- _EXERCISE_
Below are the records; repeat exactly their lines between the line holding "自宅2階テラス床と外壁剥がれの補修をお願いしました。" and the line holding "Rozsdamentes acélból készült, és", inclusive, skipping the pictures.

- _EXERCISE MATERIALS_
↓↓↓
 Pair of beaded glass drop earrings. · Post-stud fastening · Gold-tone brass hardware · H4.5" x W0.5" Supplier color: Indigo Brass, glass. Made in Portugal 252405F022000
↑↑↑
↓↓↓
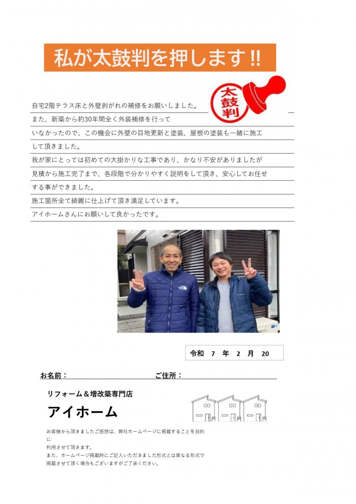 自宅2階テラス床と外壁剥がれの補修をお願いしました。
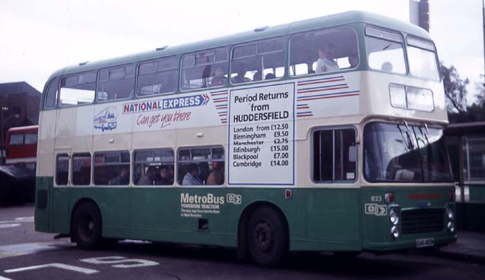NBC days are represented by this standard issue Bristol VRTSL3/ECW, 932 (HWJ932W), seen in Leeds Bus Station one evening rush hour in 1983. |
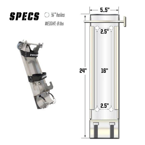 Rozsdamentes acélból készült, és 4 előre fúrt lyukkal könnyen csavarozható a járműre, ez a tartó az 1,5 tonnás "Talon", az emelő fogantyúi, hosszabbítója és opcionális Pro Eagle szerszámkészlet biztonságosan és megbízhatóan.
↑↑↑
- _EXERCISE RESULT_
 自宅2階テラス床と外壁剥がれの補修をお願いしました。
NBC days are represented by this standard issue Bristol VRTSL3/ECW, 932 (HWJ932W), seen in Leeds Bus Station one evening rush hour in 1983. |
 Rozsdamentes acélból készült, és 4 előre fúrt lyukkal könnyen csavarozható a járműre, ez a tartó az 1,5 tonnás "Talon", az emelő fogantyúi, hosszabbítója és opcionális Pro Eagle szerszámkészlet biztonságosan és megbízhatóan.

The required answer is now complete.